Equipment and technique each have a part to play. Vintage lenses lack the modern coatings and multi-element designs that give modern glass it’s sharpness and true-to-life colours, instead imparting softness and low contrast that blunts the harsh edge of reality. Similar effects can be created with the increasingly popular pro-mist filters. However, vintage lenses can bring other desirable characteristics. One example is the famous Helios 44, which has beautifully swirly bokeh wide open, giving incredible separation to portraits and further removing the resultant image from reality.

With slow shutter speeds we can blur motion, creating indistinct and ghostly images. Coupled with some of the equipment mentioned and a handy liminal space in which to shoot, we can bring artistic qualities to an unexciting scene.
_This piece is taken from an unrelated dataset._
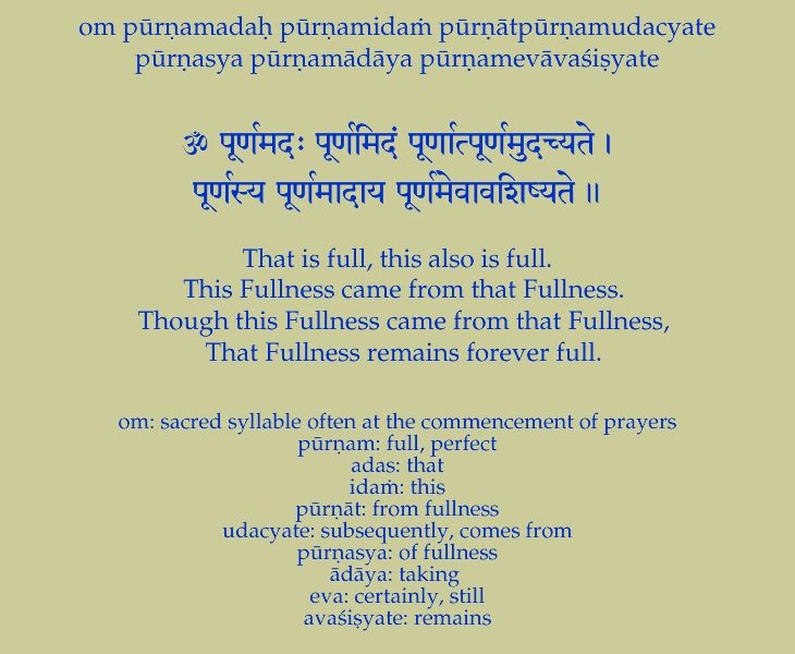 The word Anna is translated as Food and Grains and the word Purna means Whole, Full, or Complete. The Sanskrit words, Anna + Purna or Food + Whole gets transformed into the phrase Whole Foods in English. Fullness comes from Fullness and Fullness remains forever Full. Just like the concept of Sunya or Zero in Mathematics, the concept of Purna or Whole belongs to Bharat, the Land of India.

A person standing in a corridor is boring. A ghostly figure moving down a hotel corridor, their flickering outlines shifting against the art-deco décor is unnerving and crosses the boundaries of what feels real.

I have found Wes Anderson’s style of filmography inspirational for this stylistic approach. His use of pastels, symmetry, and square-on angles imbues a similar feeling that what you are seeing is not quite real, and while this formalism is meant to invoke a vintage flair, this does not preclude the style from invoking dreamlike qualities.

After the photoshoot for style’s exploration of psychedelic 60’s fashion, I took the remainder of my roll of Lomochrome purple to create some dreamlike images. On Brighton beach and in my local woods I composed within near-liminal spaces, aiming to reach a space that felt as though it inhabited the fringes of reality. Coupled with the film stock’s dramatic colour shifts, we can infringe on the perception of our subconscious minds.